Mount Karabitsu
by Kajita Hanko
- Medium:
- Mokuhanga (Japanese woodblock)
- Image courtesy of
- Saru Gallery
Description
Mount Karabitsu (Karabitsu-yama) takes its name from the karabitsu, a six-legged Chinese-style storage chest, in reference to the mountain's distinctive flat-topped silhouette. As a [meisho-e](/glossary/meisho-e), this mokuhanga continues a tradition that runs through the great topographical print series of the Edo period, from Hokusai's Thirty-six Views of Mount Fuji to Hiroshige's province and road series. Hanko's treatment likely emphasizes the profile of the mountain against a sky rendered with [bokashi](/glossary/bokashi) gradation, with foreground vegetation, water, or small human figures providing scale and counterpoint to the geological mass.
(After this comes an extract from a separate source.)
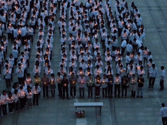 用白色蜡烛临时搭建的中国偌大的版图,用心型的蜡烛围成受难的玉树。会计系师生每个人都捧着点亮蜡烛,紧紧围绕在中国的版图周围,现场沉浸在凝重悲恸的气氛中。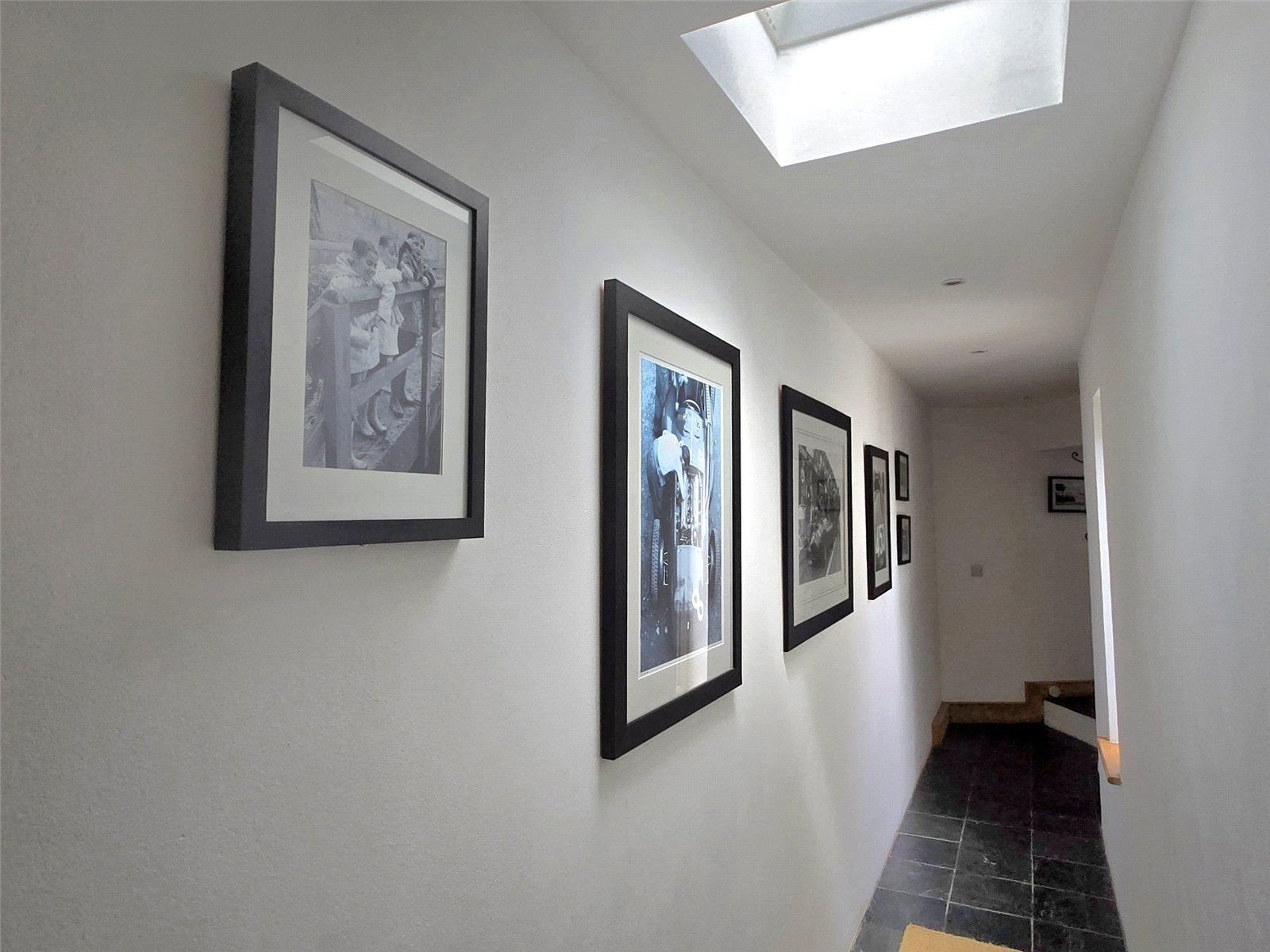 Light and airy hallway, with natural slate flooring tiles and spotlighting & skylight above.

As a nihonga-trained artist, Hanko approached landscape with attention to atmospheric effect and seasonal nuance, drawing on the long history of Japanese ink painting and the more recent absorption of Western perspective into Meiji-era pictorial practice. The print exemplifies Hanko's engagement with traditional Japanese subject categories while working in the print medium during the Taisho period, a moment when artists were reconsidering the meisho-e canon for modern audiences who increasingly experienced the landscape through rail travel and printed guidebooks.